Deploying files to the development web-application

  • This can be done by editing the file .settings/org.eclipse.wst.common.component. You can then add files to be copied to the development Tomcat web-application directory. There is no GUI for this, but it works well (one use case could be to add development specific files).
  • If you want to deploy a single file with this technique, you have to specify a file path as the destination - a folder won't work and will produce strange results.

Groovy Plugin

  • This currently does not accomplish much except syntax coloring. It lacks notably formating support.
  • The Groovy plugin expects Groovy files into package folders to belong to that package. It will display an error if it's not the case. The plugin considers any folders you specified as "Source Folders" in the build path to contain a hierarchy of packages. Thus if you have some scripts not belonging to any package, it's best to specify the enclosing folder not as a source folder.

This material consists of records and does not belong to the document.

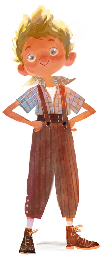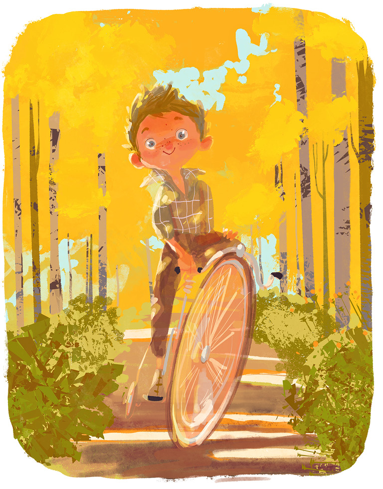 Вика выглянула в окно и увидела, как по дорожке, выложенной зелёными и жёлтыми плитками необычной формы, едет старинный велосипед с огромным передним колесом и крошечным задним. На вершине этой конструкции гордо восседал мальчишка лет двенадцати, в серых штанах и расстёгнутой клетчатой рубашке поверх белой майки. Остановившись у крыльца, он ловко спрыгнул на землю, обнял майстера Нилса, и они зашли в дом.
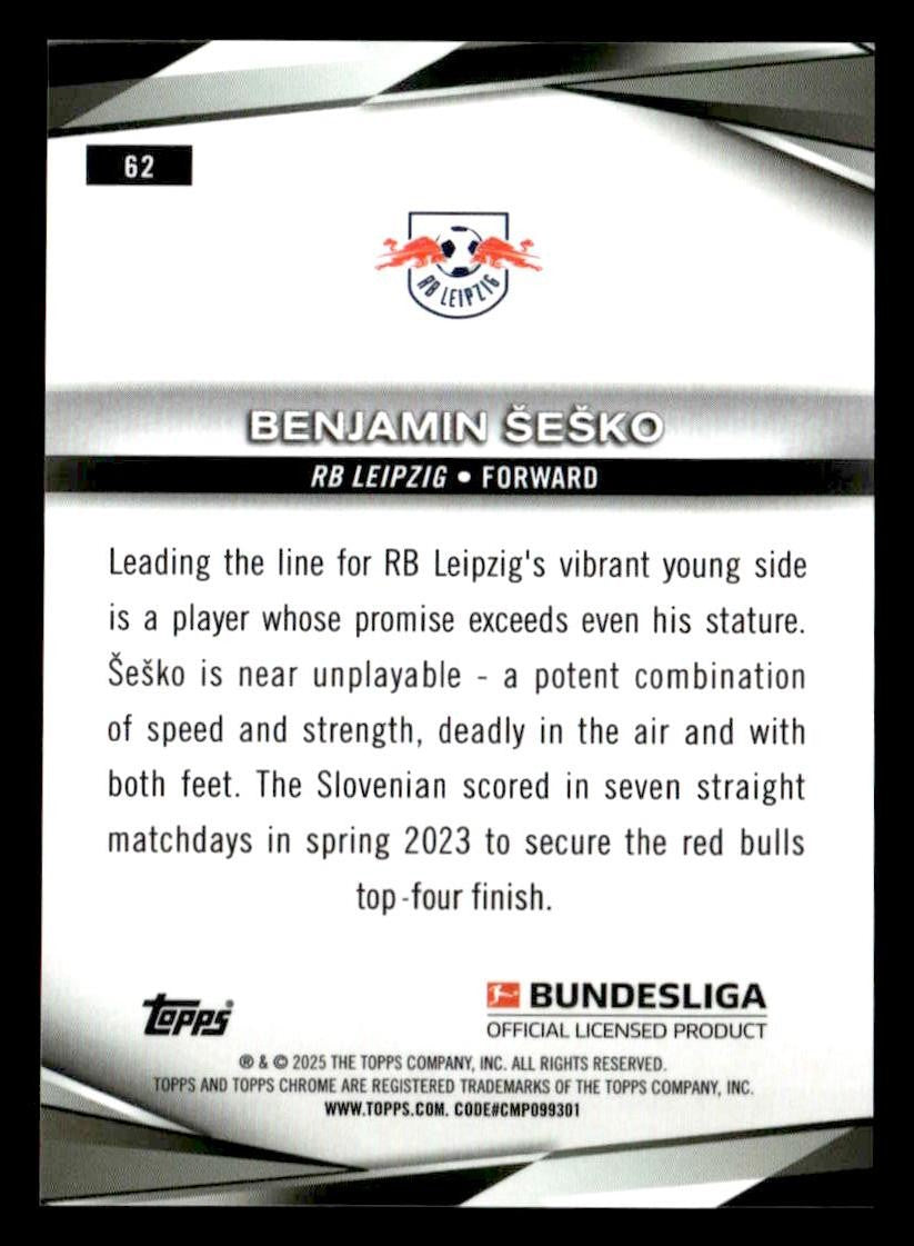 This is a sharp example of the 2025 Topps Chrome Bundesliga #62 featuring Benjamin Sesko.
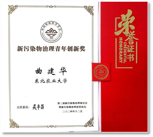 2024年12月8日,中国环境科学学会联合国家自然科学基金委员会、中国环境科学研究院、生态环境部环境规划院共同主办的第二届新污染物治理研讨会暨新污染物治理前沿论坛在北京市召开,闭幕式上第一届“新污染物治理青年创新奖”(全国仅20席,一年一次)评选结果正式揭晓。东北农业大学304am永利集团官网院长曲建华教授在众多优秀候选人中脱颖而出,作为黑龙江省唯一获奖者,荣获此项殊荣。
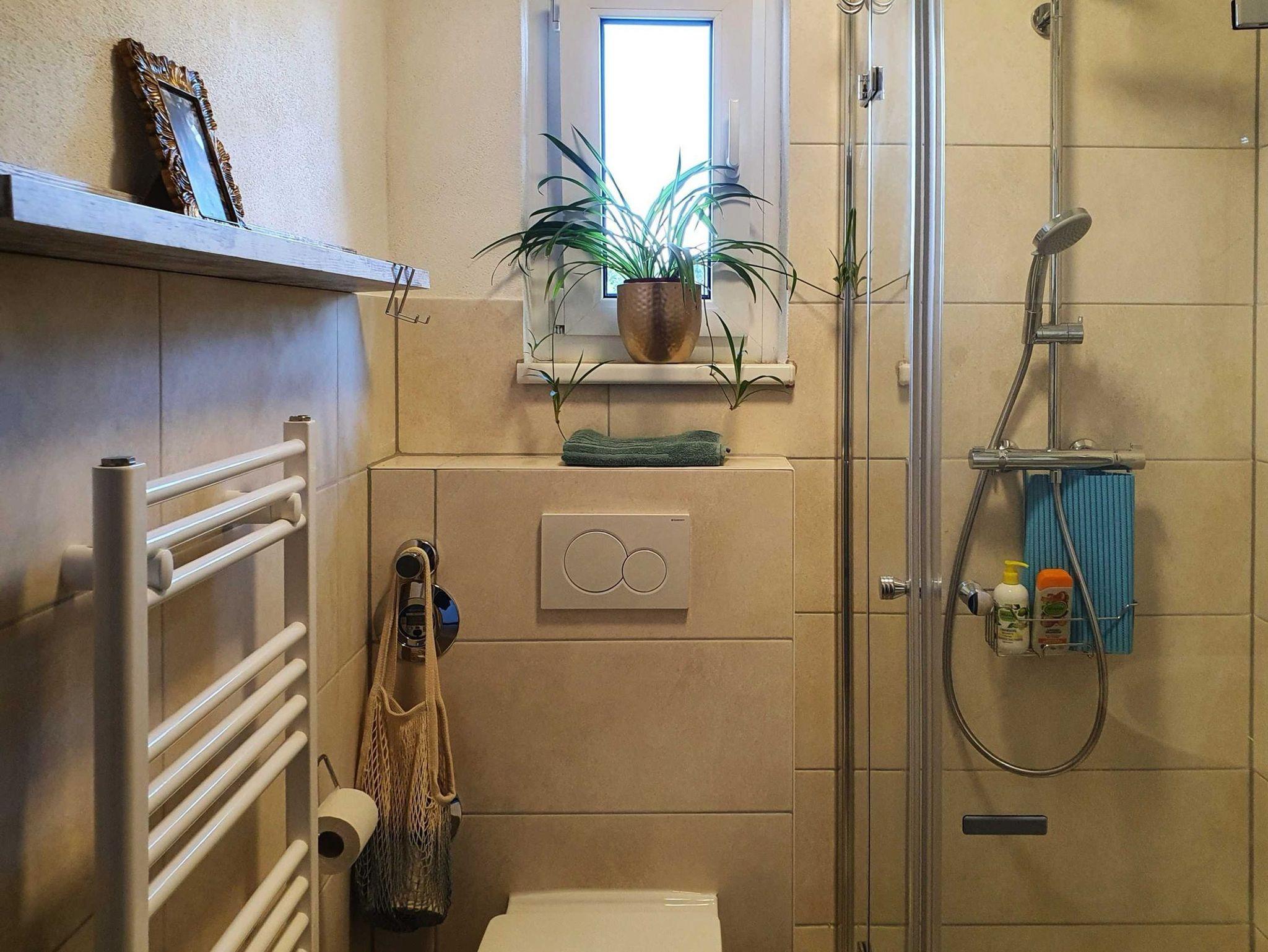 WLAN, Fernseher mit DVD-Player, DVDs, Bücher und Spiele, Tageslichtbad mit Handtüchern, Fön und Kosmetikspiegel, Einbauschrank, Besenschrank mit Staubsauger, Bügeleisen und Bügelbrett, Infomappe

PHP Development Tools (PDT)

  • This plugin, as of March 2007, is still in active development. I have lots of stability problems with the current integration build (of February 2007).
  • Things are somehow better now with release 0.7 RC3. Still has problems though.

Egit

Subclipse

  • Warning: do not create a project that is in Subversion, and then another project contained into the first project (in a subdirectory)! This will confuse Subclipse to the point of making Eclipse unusable. This is bug 511 in the Subclipse Bugzilla.
  • There is currently a bug with the keyboard shortcuts. A workaround is to do:
Window -> Customize Perspective -> Command Groups Availability -> Enable SVN
  • In Linux, when using the JavaHL interface, you need to edit the ~/.subversion/config file and add the following line:
password-stores =

FTP Synchronization

  • This is included in the standard mirrors, so installation is easy (probably will be already installed). SFTP support needs to be installed separately.
  • This feature seems useful, it is unmaintained however. The Eclipse Target Management seems to be where development is headed at.
  • To create a new Synchronization, you must first Export your project to a remote server (or import it from a remote server). Then restart Eclipse if it is still not listed in the Team Synchronizing perspective.
  • Two important features seem to be missing: the ability to synchronize a project with more than a single server, and the possibility to exclude certain files from the synchronization. You can exclude files based on certain patterns though.

Target Management, Remote System Explorer

  • This feature allows to perform interesting stuff on remote servers, like running shell commands, automating builds, editing files directly on a remote server and so on.
  • However it does not allow synchronizing with your local project (via FTP or SFTP). This is problematic for what I need.

Aptana

  • This is more a complete IDE than just a simple plugin.
  • It has interesting features (editors for most web related formats: HTML, CSS, JavaScript), and a very good FTP synchronization feature, and editing capabilities directly on the server.
  • However, the synchronization feature is too slow to be used often. This is more something that would be run once in a working day.